I think this may have a lot to do with why I am so dead set on learning Spanish. I know it’s too late, she’s not here anymore. We’ll never have the conversation I imagine in my mind, when we can sit without any language barrier and she can tell me stories of her life, when I can hear the jokes she told without them being translated. We’ll never share that quiet afternoon in which I am redeemed of childish regrets and she tells me of her heartache and joy and leaves me with a sense of unspoken peace and strength. When I can tell her how much I truly loved and admired her.
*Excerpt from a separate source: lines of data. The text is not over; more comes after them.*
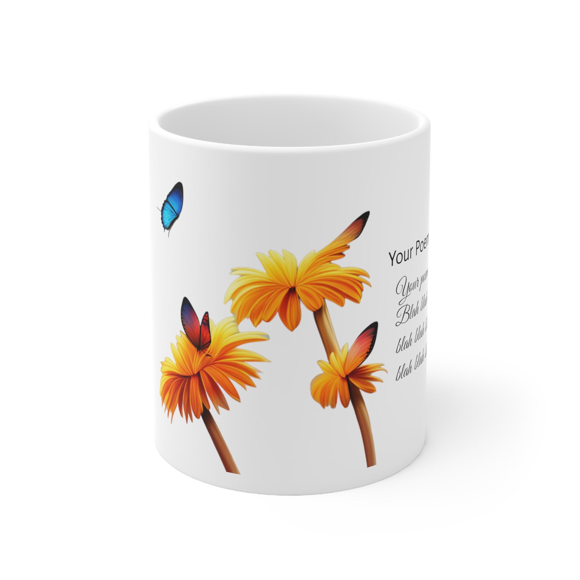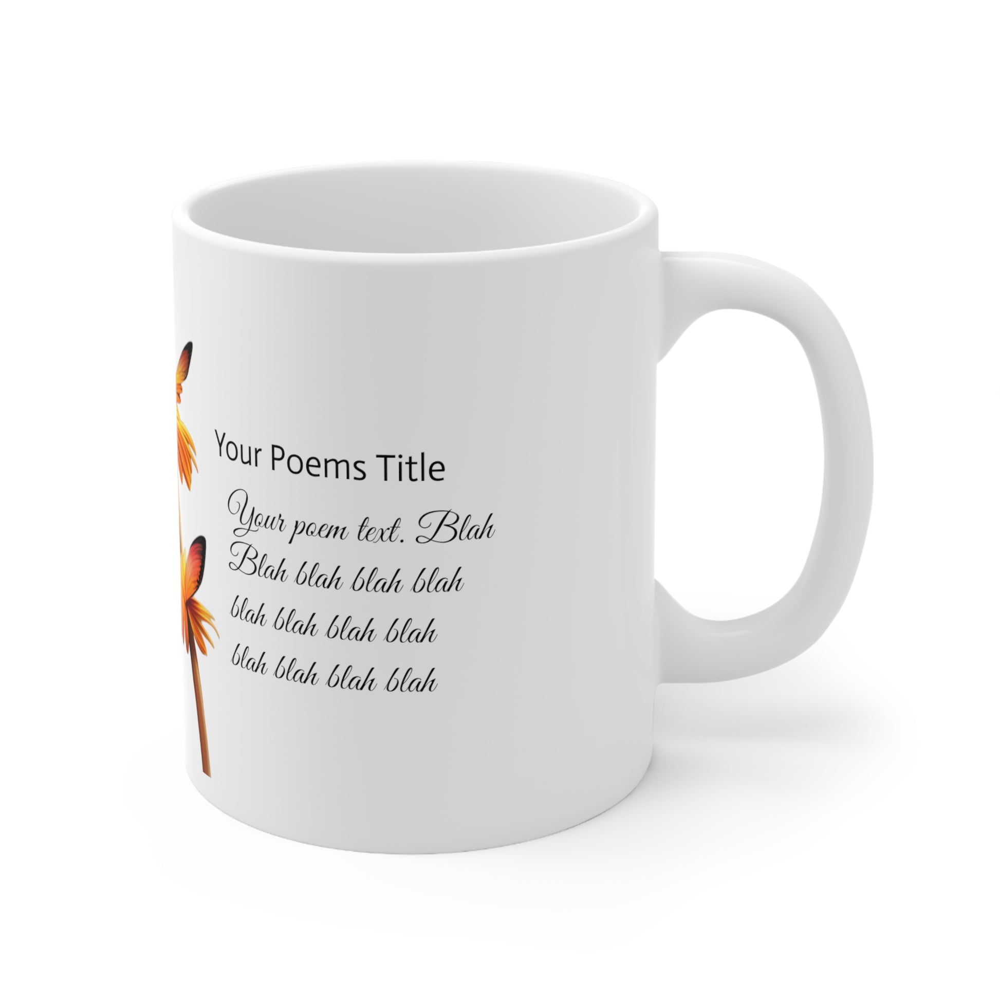 Warm-up with a nice cuppa out of this ceramic coffee mug that features your poem! After you make the purchase we will contact you by email so that you can provide us the details including how you want your mug created. We will customize the mug and provide you up to three edits to ensure that you are completely happy with the finished product.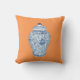 Ce coussin comporte une peinture originale par l'artiste Anne Harwell d'un pot chinois antique de gingembre de porcelaine dans le détail sensible avec bleu et le blanc sur un arrière - plan de mandarine. La conception est sur l'avant et le dos.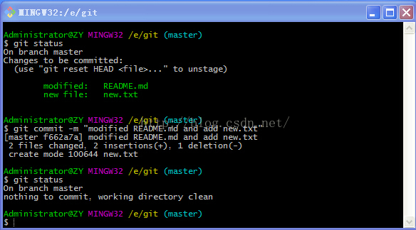 然后分别对README.md和new.txt使用git add,把它们加入到暂存区。然后使用git commit进行提交,此时在查看工作区,干净的哦。多次修改,一次提交,实现。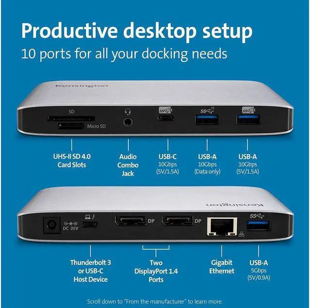 Thunderbolt 3 dock for MacBooks (OS 10.16 and later) and Windows laptops equipped with Thunderbolt 3 (Lenovo Dell HP Acer, Asus, MSI, Razer, and more) with transfer speeds of up to 40Gbps; also compatible with Thunderbolt 4 laptops (at TB3 speeds) and USB-C laptops and Surface devices (at up to 10Gbps USB-C speeds) including Surface Pro 9, 8, 7, Surface Laptop 3 and 5, Surface Books and Surface Go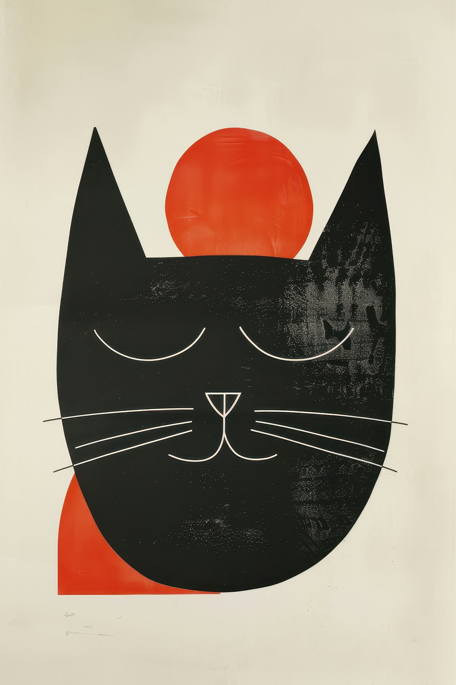 Minimalist illustration of a black cat with closed eyes and a red circle, set against an off-white background.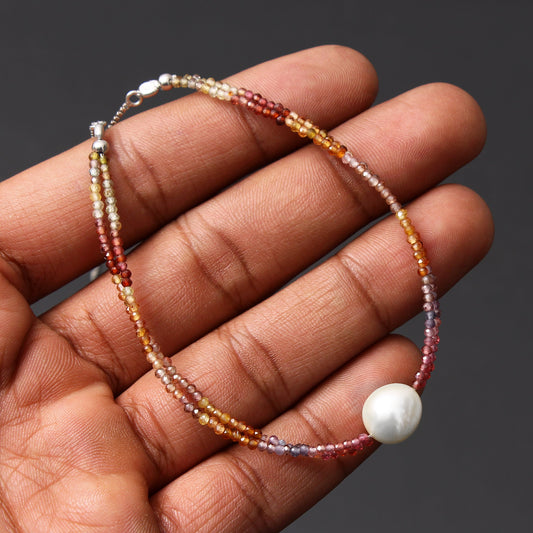 Multi Sapphire / Pearl Twist Layer Bracelet ( Bolo Chain )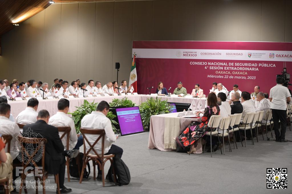Santa Lucía del Camino, Oax.- En el Centro Cultural y de Convenciones de Oaxaca, la Fiscal General del Estado, Verónica Hernández Giadáns, asistió a la 4ª Sesión Extraordinaria del Consejo Nacional de Seguridad Pública, encabezada por el Secretario de Gobernación, Adán Augusto López Hernández, con la presencia del Gobernador del Estado, Cuitláhuac García Jiménez, los integrantes del gabinete de seguridad federal, gobernadoras y gobernadores de los estados, la Jefa de Gobierno de la Ciudad de México, así como el Secretario de Seguridad Pública, Cuauhtémoc Zúñiga Bonilla.
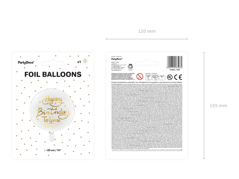 Matowy balon foliowy w kolorze białym ze zlotym metalizowanym napisem Happy Birthday To You, średnica przed napompowaniem ok. 45 cm (18”), średnica po napompowaniu ok. 35 cm (14”). Do napompowania helem.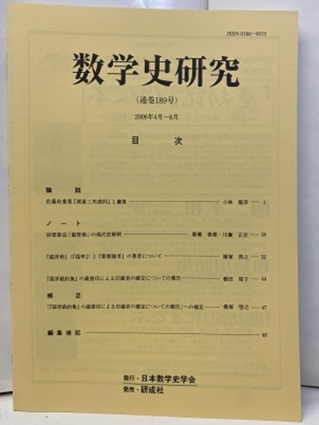 数学史研究 通巻189号 <数学史研究2006年 4月~ 6月>

I also saw my own face in that picture; or what I hope the lines and creases of my face will one day evoke. Grace, a joy for life, strength, humility, and a mischievious smirk (like you know the inside joke of the universe) and no one else understands. I hope to be that woman, or a woman like her. I suppose it’s an ideal I’ve constructed in my mind, like the imaginary conversation to be had with my mamita. I am far from the person I aspire to be but maybe one day, with enough wrinkles and time and experience I will know that I tried as hard as I could. I can only hope to have that mischevious smile, and feel like my life was everything it was supposed to be. I might even be lucky enough to have a quiet afternoon talking with my granddaughter about a life well lived; a fearless life, a life that would have made my mamita proud.